Lenka reasoned that there are only $3$ ways to select the integers to achieve an even sum: either all $4$ numbers will be even, the second possibility is $2$ even and $2$ odd numbers, and the last possibility is $4$ odd numbers.
(1) First, Lenka calculated the number of draws in which all $4$ numbers are even: "There are $9$ even numbers in the given interval, and the number of draws of $4$ even numbers from $9$ is ${9 \choose 4}=126$.“
(2) Next, she calculated the number of draws in which exactly two numbers are even and exactly two numbers are odd: "There are $9$ even numbers and $10$ odd numbers in the given interval. The number of such draws is ${9 \choose 2}+{10 \choose 2}=81$.“
(3) She calculated the number of draws in which all $4$ numbers are odd: "There are $10$ odd numbers in the given interval. Therefore, the number of such selections is ${10 \choose 4}=210$.“
(4) She determined the number of selections of $4$ integers that satisfy the condition that their sum is even: $126 + 81 + 210 = 417$.
(5) She calculated the total number of possible selections of $4$ numbers from $19$ as ${19 \choose 4}=3876$.
(6) She determined the probability that when randomly selecting $4$ integers from the interval $[1, 19]$, their sum will be an even number, as $\frac{417}{3876}\approx 0.1076$.
Lenka solved the problem correctly.
Lenka made a mistake in step (1). The number of draws of $4$ even numbers is $4\cdot9 = 36$. The correct probability is $\frac{36 + 81 + 210}{3876} \approx 0.0844$.

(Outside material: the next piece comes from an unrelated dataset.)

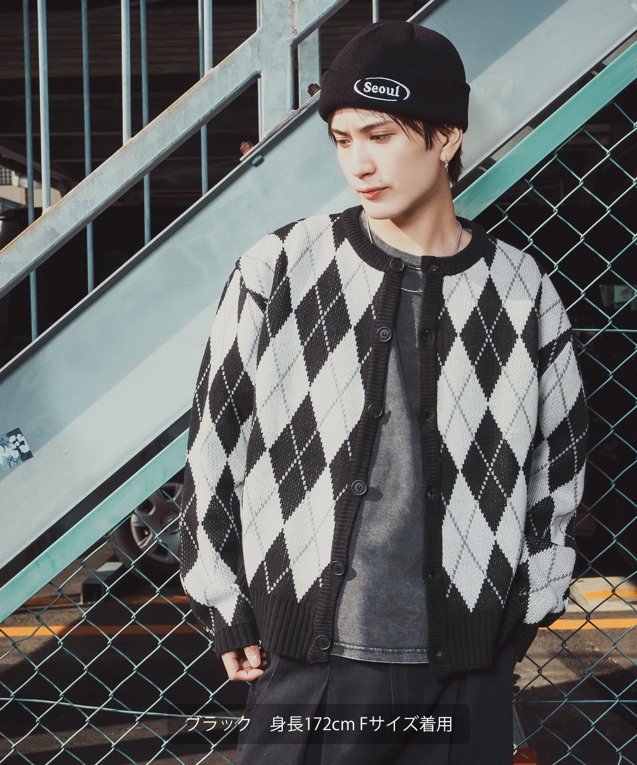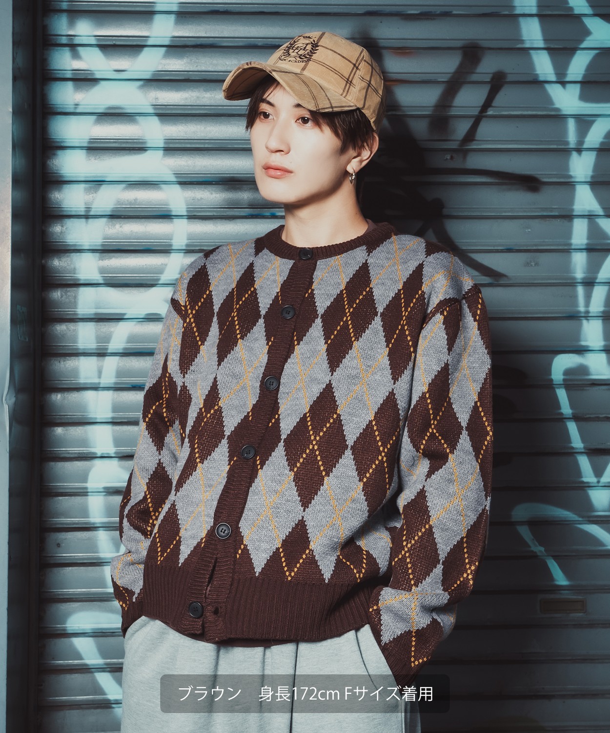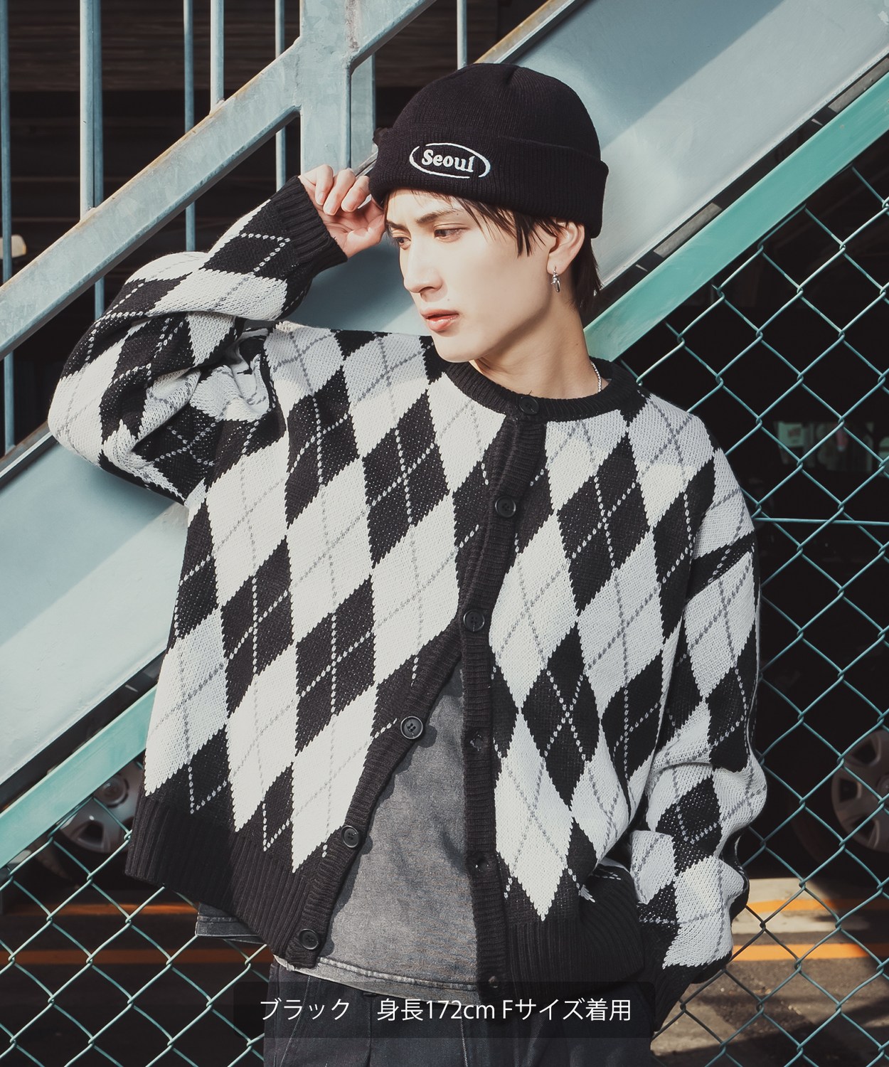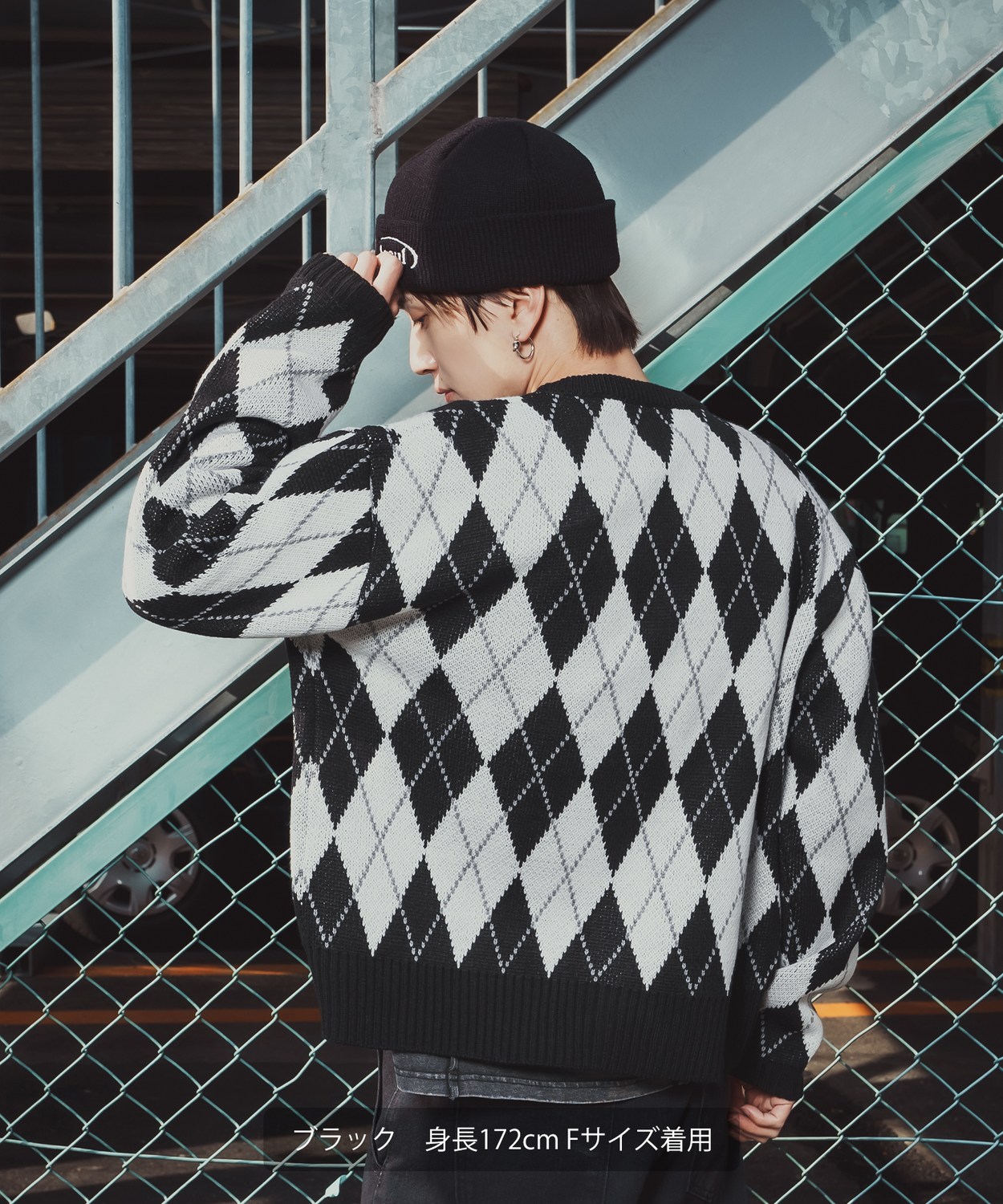 存在感抜群のビッグアーガイルで差をつける!旬のルーズシルエットとクラシックな総柄をミックスした主役級カーデ!

Lenka made a mistake in step (2). The number of draws with two even and two odd numbers is ${9\choose 2}\cdot{10 \choose 2} = 1620$. The sought probability is $\frac{126 + 1 620 + 210}{3876}\approx 0.5046$.
Lenka made a mistake in calculating the probability in step (6). The correct probability is $1 – \frac{417}{3876}\approx0.8924$.